> [Extracted records]:
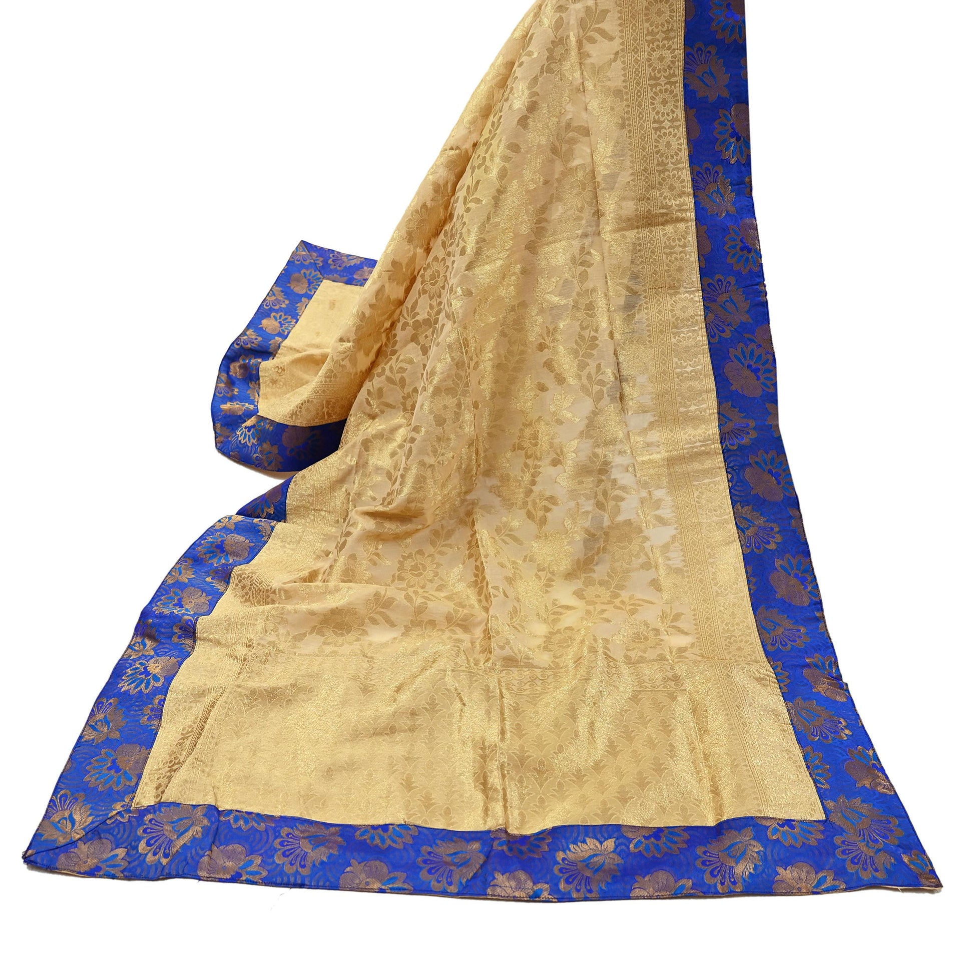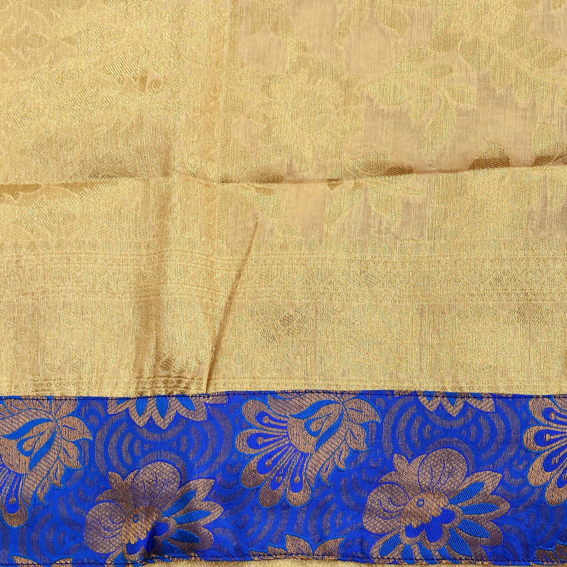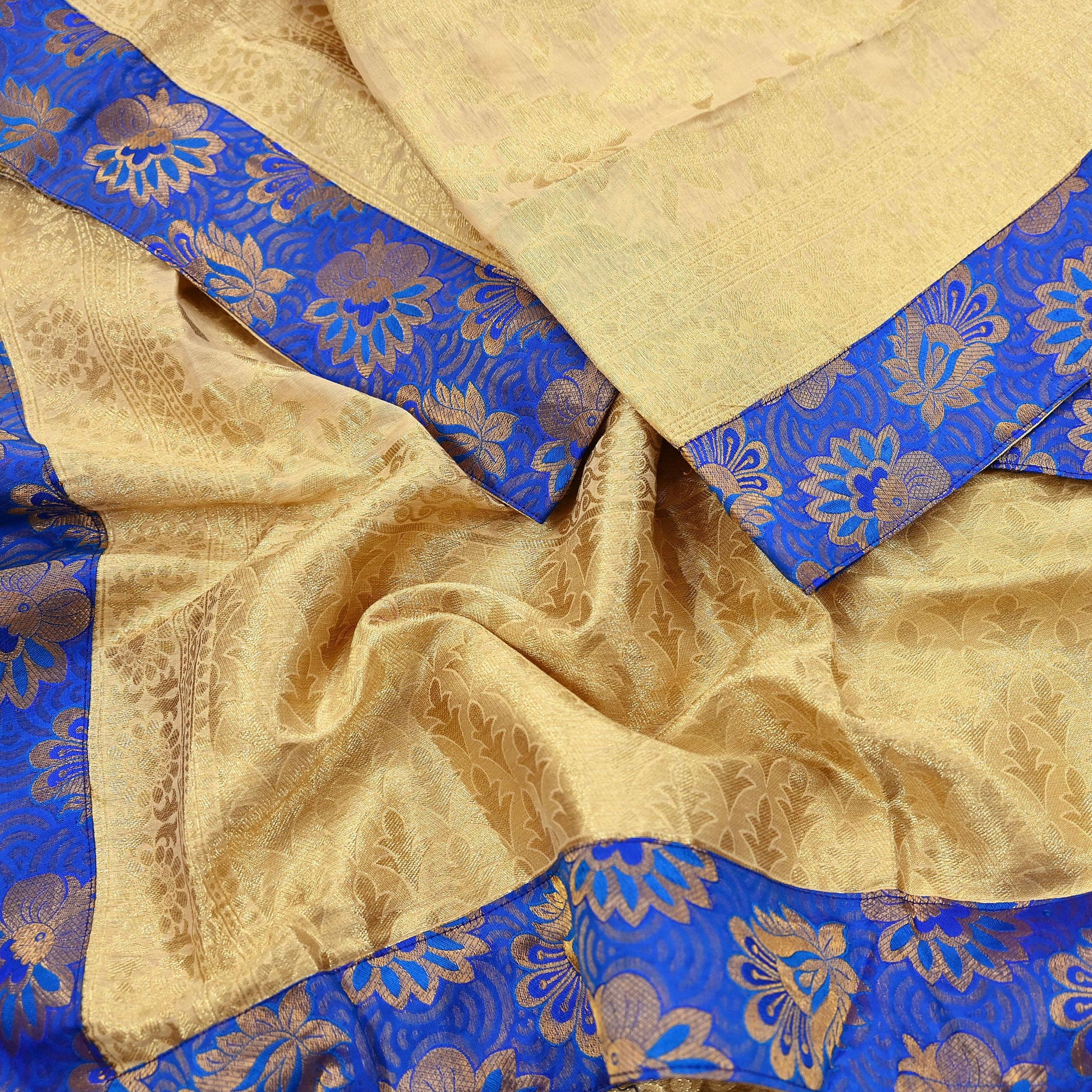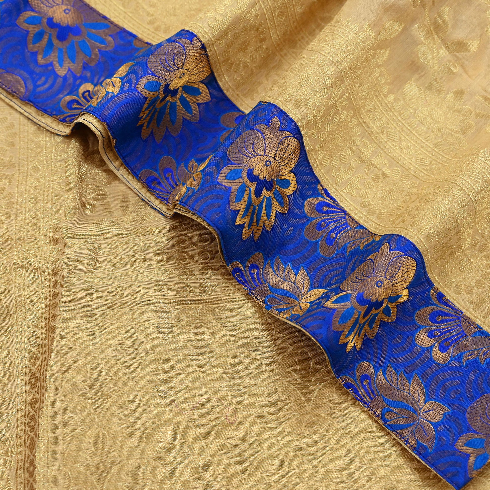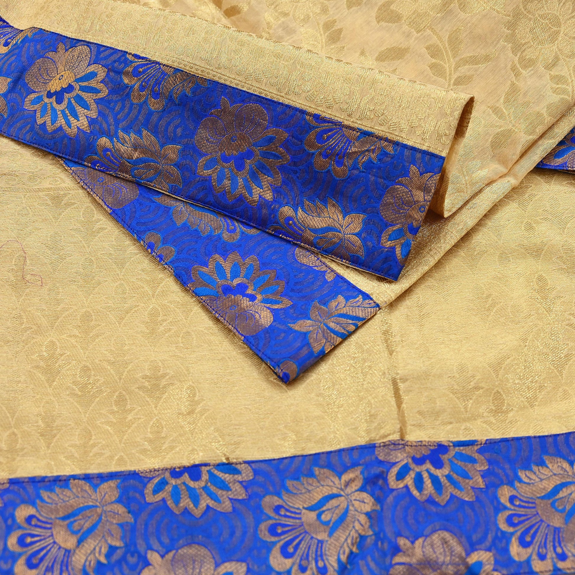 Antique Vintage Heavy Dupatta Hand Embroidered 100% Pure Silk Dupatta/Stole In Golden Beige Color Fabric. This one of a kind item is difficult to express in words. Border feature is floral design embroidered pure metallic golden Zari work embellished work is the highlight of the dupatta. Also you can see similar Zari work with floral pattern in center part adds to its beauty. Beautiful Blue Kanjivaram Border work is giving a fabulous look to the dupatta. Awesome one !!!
---
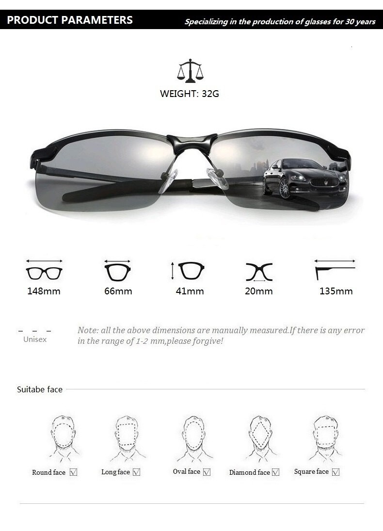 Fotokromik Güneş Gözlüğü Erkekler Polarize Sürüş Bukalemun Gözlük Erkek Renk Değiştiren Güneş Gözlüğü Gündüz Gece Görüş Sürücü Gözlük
---
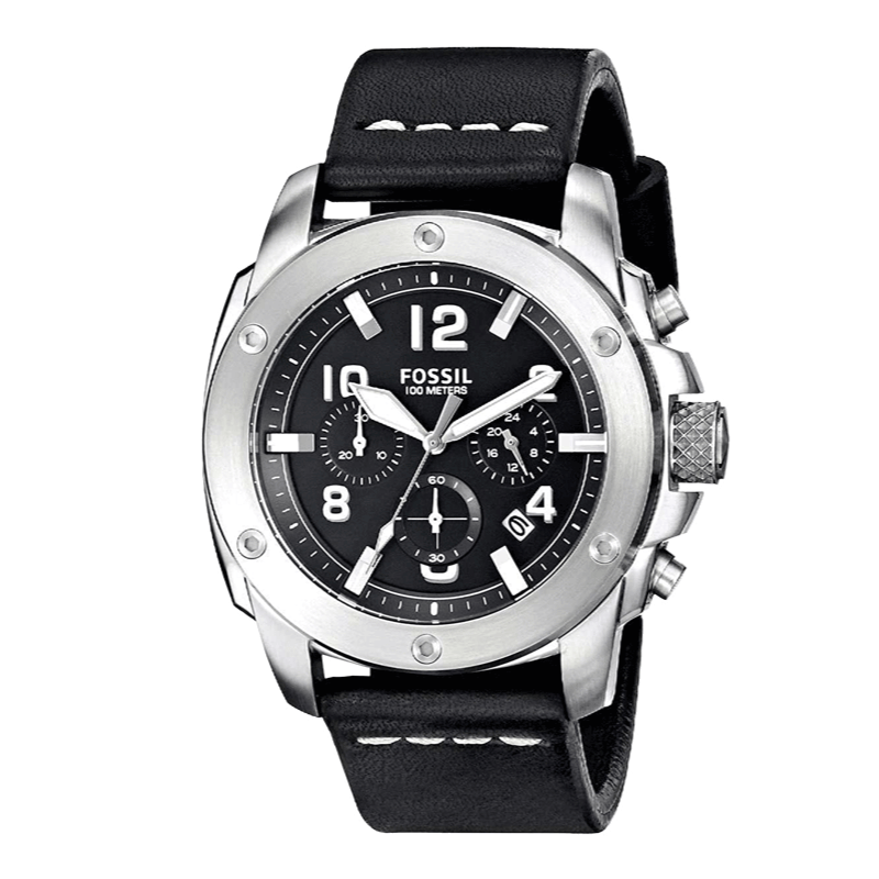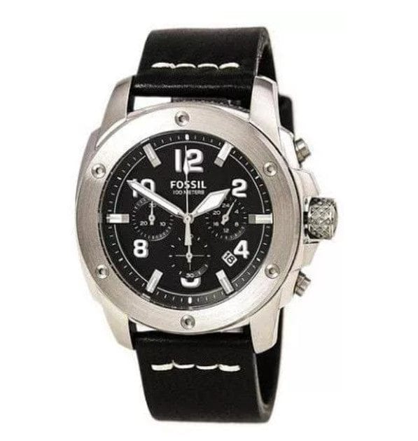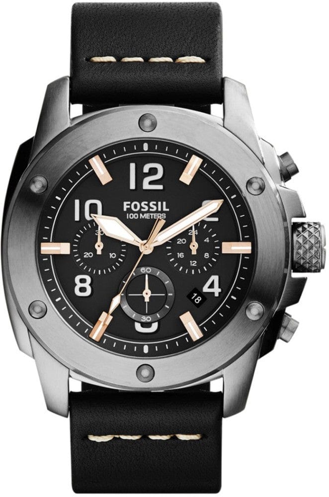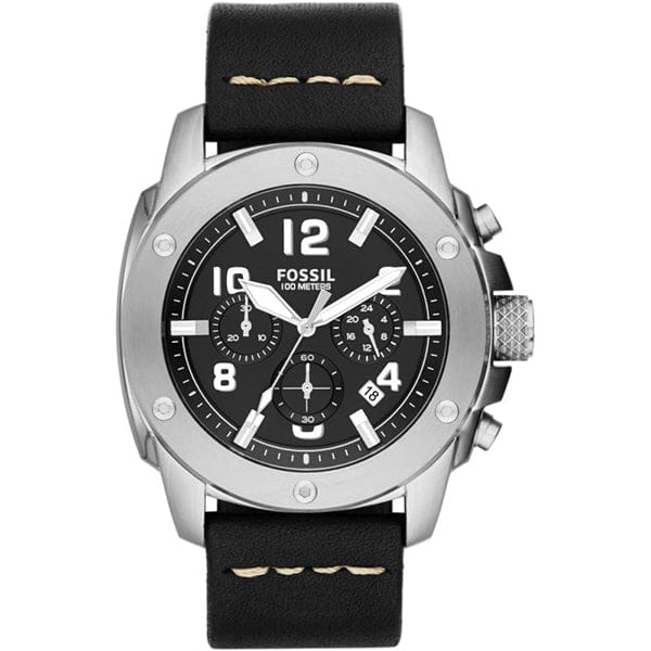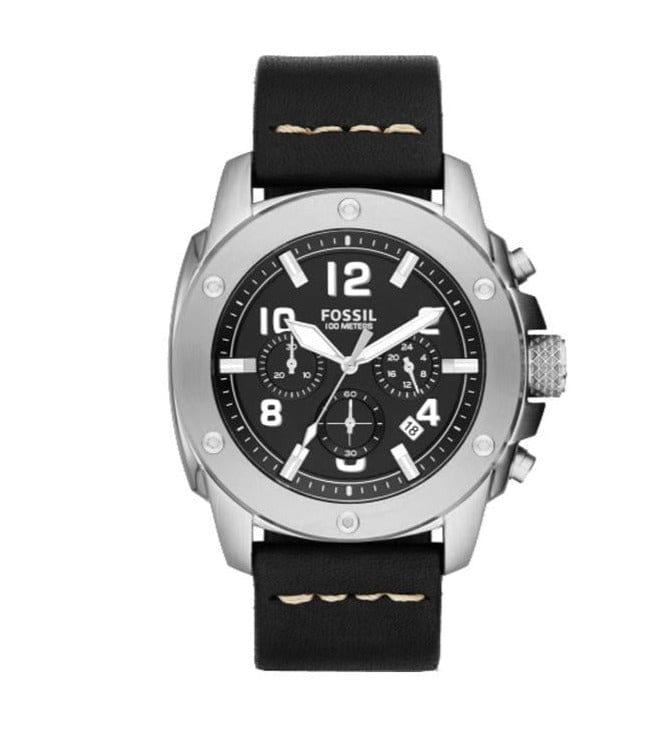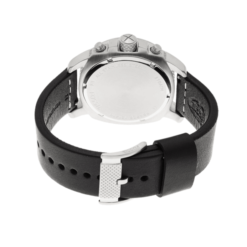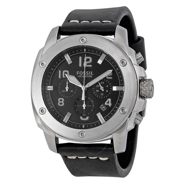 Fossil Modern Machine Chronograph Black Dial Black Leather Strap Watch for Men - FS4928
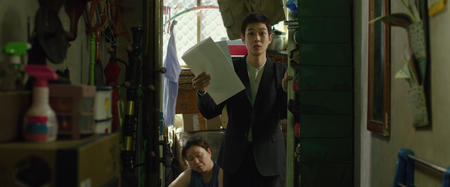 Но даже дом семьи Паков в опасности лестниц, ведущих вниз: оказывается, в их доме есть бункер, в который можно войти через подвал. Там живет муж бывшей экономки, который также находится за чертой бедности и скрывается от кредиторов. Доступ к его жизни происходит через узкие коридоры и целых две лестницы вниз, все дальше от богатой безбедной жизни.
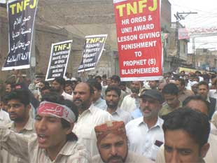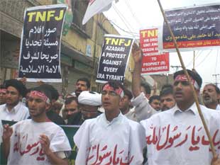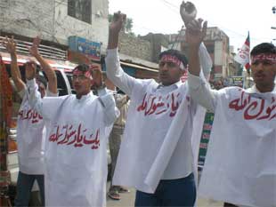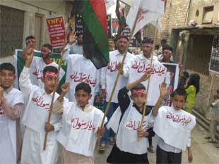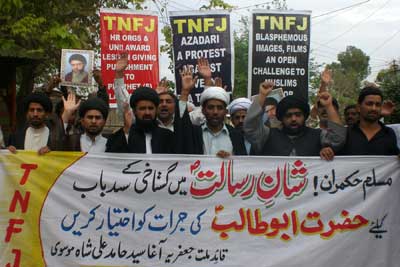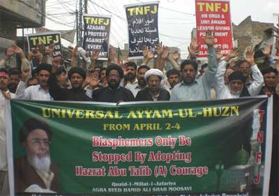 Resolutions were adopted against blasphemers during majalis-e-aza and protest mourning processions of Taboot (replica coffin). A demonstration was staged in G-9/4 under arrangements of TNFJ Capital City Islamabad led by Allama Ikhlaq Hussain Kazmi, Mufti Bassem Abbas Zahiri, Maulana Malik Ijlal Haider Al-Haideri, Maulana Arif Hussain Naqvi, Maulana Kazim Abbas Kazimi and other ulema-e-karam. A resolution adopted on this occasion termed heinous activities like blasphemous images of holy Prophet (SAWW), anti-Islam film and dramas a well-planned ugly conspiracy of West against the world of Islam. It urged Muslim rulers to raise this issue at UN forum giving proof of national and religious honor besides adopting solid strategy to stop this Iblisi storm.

> [Instructions to follow]: Range to copy from the listing above: the line with "Fossil Modern Machine" through the line with "Но даже дом". Transcribe it exactly and skip the pictures.

> [Your response]:
 Fossil Modern Machine Chronograph Black Dial Black Leather Strap Watch for Men - FS4928
 Но даже дом семьи Паков в опасности лестниц, ведущих вниз: оказывается, в их доме есть бункер, в который можно войти через подвал. Там живет муж бывшей экономки, который также находится за чертой бедности и скрывается от кредиторов. Доступ к его жизни происходит через узкие коридоры и целых две лестницы вниз, все дальше от богатой безбедной жизни.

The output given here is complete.